# Here she is!



## Alex_225 (Feb 7, 2008)

Well after quite a long wait here is our Dacia Duster! :thumb:



















I'll get some more pictures when I get a chance but this was as she stood when we picked her up.

She's a 1.5dci, 4WD, Laureate spec with the 'Adventurer' (black trim) pack added. I'm still absolutely stunned at the quality of the car and way it looks for the money we paid for it. Lets hope the reliability equals it's simplicity.

Oh and whilst I was at the Renault/Dacia dealers they had a Sandero Stepway on the forecourt. Basically the love child of a Duster and Sandero. :lol:


----------



## Guitarjon (Jul 13, 2012)

You know what I think these cars look fantastic for the money. How would you rate the interior feel and build quality out of 10? 

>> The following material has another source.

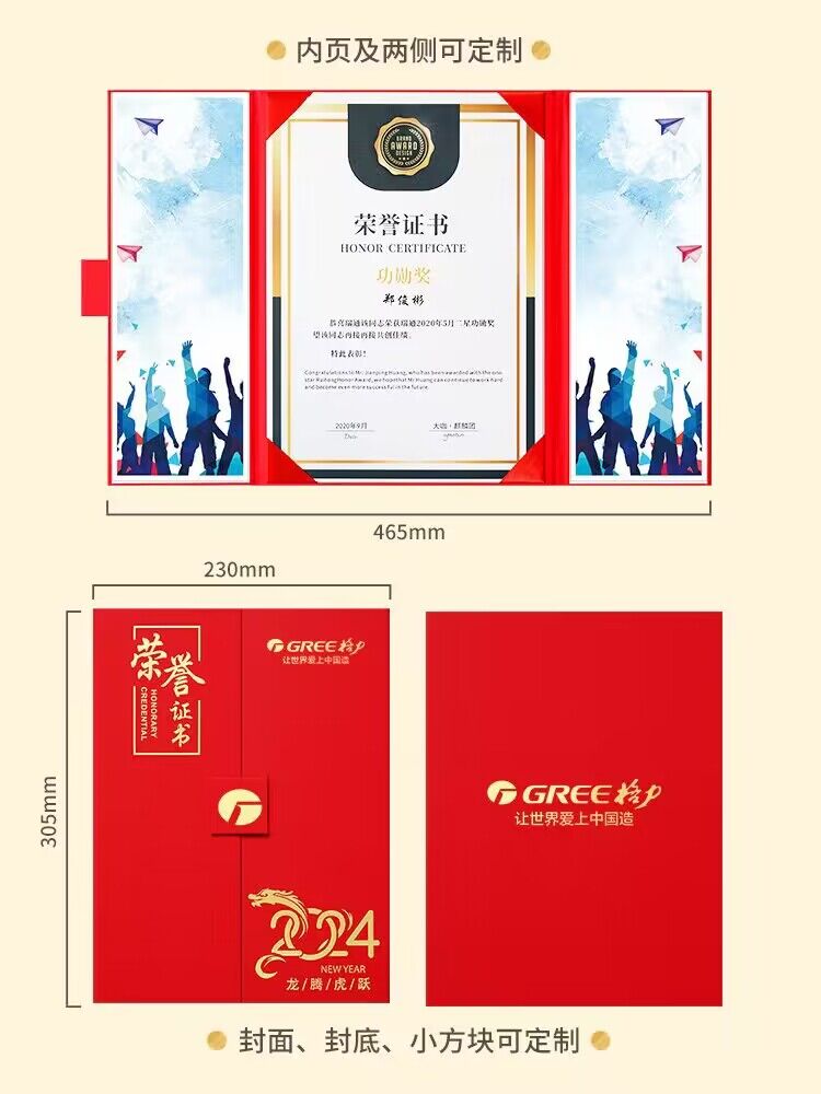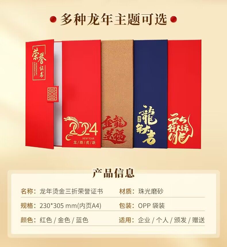 荣誉证书A4国朝风龙年外壳获奖奖状定制证书封皮证书公司企业年会颁奖证书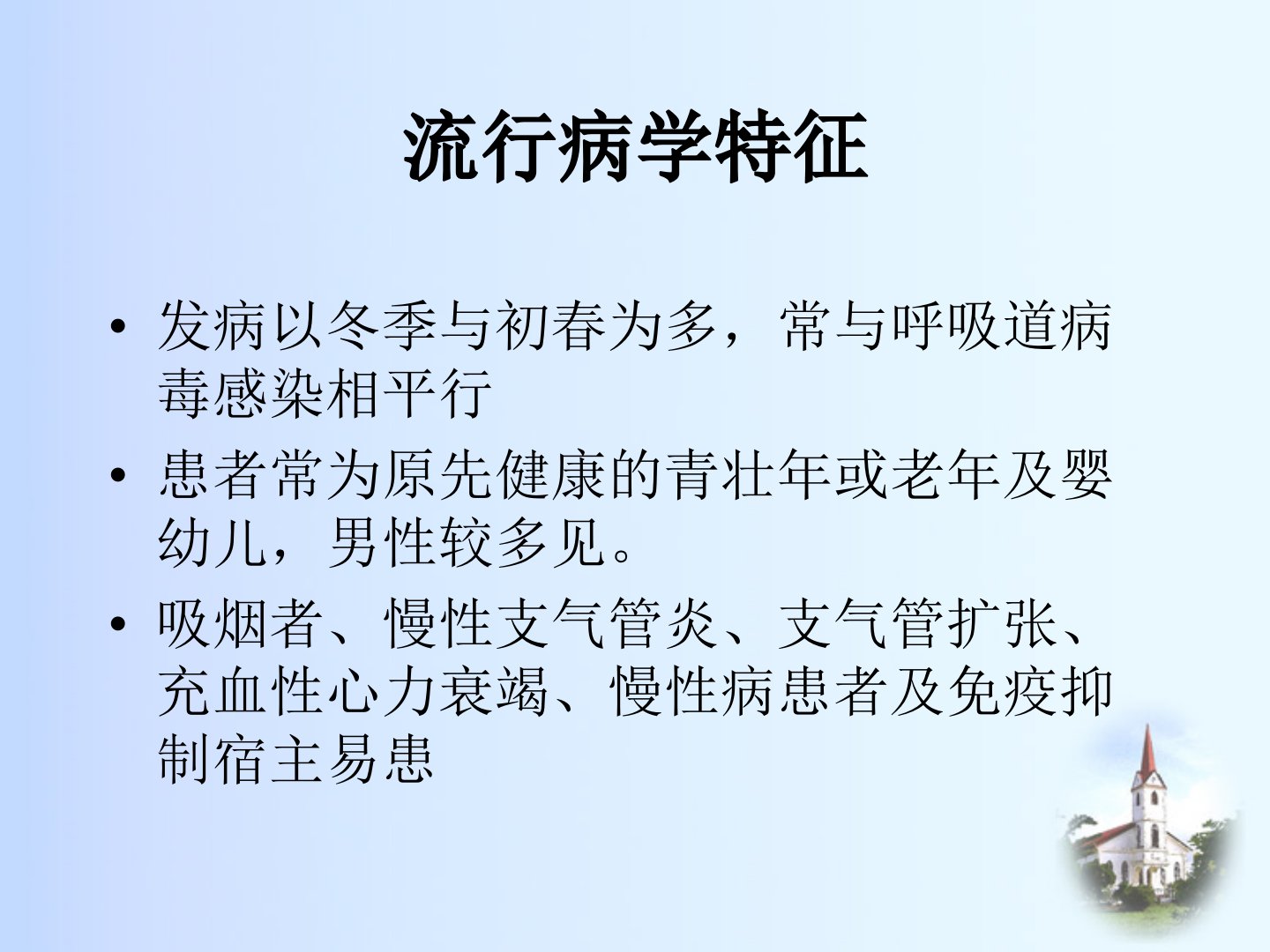 肺炎链球菌肺炎由肺炎链球菌引发约占社区获得性肺炎的半数通常急骤起病以高热、寒战、咳嗽、血痰及胸痛为特征。X线胸片可见肺段或肺叶急性炎性实变。该病冬季与初春多发多见于青壮年、老年及婴幼儿男性较多吸烟者及慢性病患者等更易患病。肺炎链球菌为革兰染色阳性球菌毒力与荚膜多糖有关是寄居在口腔及鼻咽部的正常菌群机体免疫功能受损时致病。其致病力源于多糖荚膜对组织的侵袭病变始于肺外周易累及胸膜。病理分期包括充血期、红色肝变期、灰色肝变期及消散期典型病理分期因抗生素治疗已少见。临床表现包括高热、寒战、肌肉酸痛、咳嗽、咳痰、胸痛等症状体征因病情阶段而异。本病自然病程约12周并发症少见严重感染中毒症患者易发生感染性休克其他并发症包括胸膜炎、脓胸等。实验室检查包括血液检查、痰液检查等X线检查可见肺纹理增粗、大片炎症浸润阴影等。诊断主要依据典型症状、体征及X线检查病原菌检测是确诊依据需与呼吸道感染、肺结核、肺癌等疾病相鉴别。治疗包括抗菌药物治疗、支持疗法及并发症处理首选青霉素G对青霉素过敏者可用其他抗生素。

These new car brands and less established brands I'm weary of but since I first saw these I thought the looked great.


----------



## rojer386 (Mar 15, 2008)

I too would also be interested in your opinion on this car. More pics please.


----------



## phillipnoke (Apr 1, 2011)

Not got a good review t The Dacia Duster's refinement and handling are disappointing, it has a low NCAP safety rating and basic models are desperately short on equipment.

Dacia Duster


----------



## SBM (Jul 4, 2013)

Wow Alex she does look spot on! :argie:

As the others have said, I would be very interested in further updates as to how she feels, drives, what you love, don't like etc and yes some more photo's especially the interior when powered up (I like to see the displays :thumb:

Thanks for sharing - she is certainly a looker  - any early detailing plans?

All the best
Ben


----------



## Alex_225 (Feb 7, 2008)

Cheers guys, first impression is very very good. A decent thud when you close the door, all the switches and buttons feel like any other Renault of the last 5 years or so as most of the parts are borrowed from the Renault range.

Interior is good, I mean it's not VAG quality but it's not like getting in a 60s Land Rover either. I'll get some pictures of the interior over the weekend.

Handling is what I'd expect of a tall car of this nature, soft and comfortable and not amazing round corners but I'm comparing to the others cars I own which are all hot hatches so to me it feels very refined haha.



phillipnoke said:


> Not got a good review t The Dacia Duster's refinement and handling are disappointing, it has a low NCAP safety rating and basic models are desperately short on equipment.


Personally I just wouldn't buy the base model, no radio, wind down windows and a 1.6 petrol and FWD but for it's size it's still a bargain at £9k brand new!

This is the opposite end of the spec list so has stability control (which hindered the Ncap on the base model) and all the equipment you'd want in a day to day car.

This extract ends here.